Coming into the pose:
Sit in front of a chair, block or bolsters with your legs open wide (about 90 degrees). Support your low back by sitting on a wedge or a folded blanket. Toes draw back toward the body and knee caps point toward the ceiling. Reach out through your heels. Hinge forward at the hip crease, walking your hands out and resting your forehead on the block, bolster or chair. If you are using a chair or bolster pile you can place your arms on the chair’s seat, hinge forward at the hip crease and rest your head on your forearms, keeping length in your spine.

While in the pose:
Keep breathing, keep observing the pose in your body, allow the body to open at its own rate. Commit to the stillness but do allow yourself to adjust your props and your body as you settle deeper in.

Coming out of the pose:
To come up, bring the hand to the floor to support the torso, inhale and hinge or roll back up from the hips, protecting the spine.


Monday, November 2, 2009

Legs on a Chair

Enjoy Diaphragmatic Breathing with Legs on a Chair Pose

OK - Legs on a Chair sounds silly, I know. But it is actually quite delicious and easy to do. Plus you can do it at work, home, or on the road. All you need is yourself, the floor and a chair, couch, or some other raised surface.

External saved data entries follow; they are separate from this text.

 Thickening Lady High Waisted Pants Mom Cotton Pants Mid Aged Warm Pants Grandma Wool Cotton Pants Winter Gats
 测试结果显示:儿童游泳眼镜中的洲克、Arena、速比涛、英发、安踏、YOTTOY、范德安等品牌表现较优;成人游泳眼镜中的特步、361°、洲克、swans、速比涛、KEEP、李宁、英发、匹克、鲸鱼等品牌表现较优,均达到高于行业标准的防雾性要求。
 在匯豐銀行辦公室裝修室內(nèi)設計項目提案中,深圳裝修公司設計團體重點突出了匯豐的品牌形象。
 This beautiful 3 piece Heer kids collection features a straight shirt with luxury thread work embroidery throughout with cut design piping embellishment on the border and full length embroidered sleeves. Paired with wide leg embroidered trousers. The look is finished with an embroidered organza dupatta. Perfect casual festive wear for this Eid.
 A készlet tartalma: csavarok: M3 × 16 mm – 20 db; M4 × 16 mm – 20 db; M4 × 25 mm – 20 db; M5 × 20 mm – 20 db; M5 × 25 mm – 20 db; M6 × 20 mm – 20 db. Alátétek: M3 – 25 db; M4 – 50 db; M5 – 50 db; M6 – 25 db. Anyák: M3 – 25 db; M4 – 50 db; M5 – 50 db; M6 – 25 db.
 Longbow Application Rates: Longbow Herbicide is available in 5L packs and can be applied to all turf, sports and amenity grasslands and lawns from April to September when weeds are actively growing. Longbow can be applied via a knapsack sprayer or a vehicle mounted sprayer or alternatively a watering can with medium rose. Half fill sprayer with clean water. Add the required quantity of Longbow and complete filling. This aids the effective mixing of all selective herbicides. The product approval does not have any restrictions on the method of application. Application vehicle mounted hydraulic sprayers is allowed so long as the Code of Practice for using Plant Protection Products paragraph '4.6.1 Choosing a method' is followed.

Setting up without additional props:
Sit down in front of a chair or couch with the seat of the chair/couch towards you. Sit with one hip facing your prop. As you start to lay back, you must also swing your legs up and your body around so your bottom is towards the chair. When you are turned tail to the chair, settle your legs onto the chair's seat, making sure they are completely supported from the backs of the knees down to the feet.

Setting up with additional props:
Start the same as above but add a small lumbar support, an eye pillow and sandbag (or big bag of rice) to lay over your stomach and lower ribs.

Settling in:
Lay here as long as you are comfortable. Close your eyes, give your mind the job of watching your breath, and commit to the stillness.

Coming out of the pose:
Bring awareness back to the body, remove the eye pillow, remove the sandbag, draw the legs into the body and roll to one side. Linger here for a few breaths then slowly push up on your side.

This is a great short break at the office, you can practice it in a hotel room if you are travelling, or any other time you want.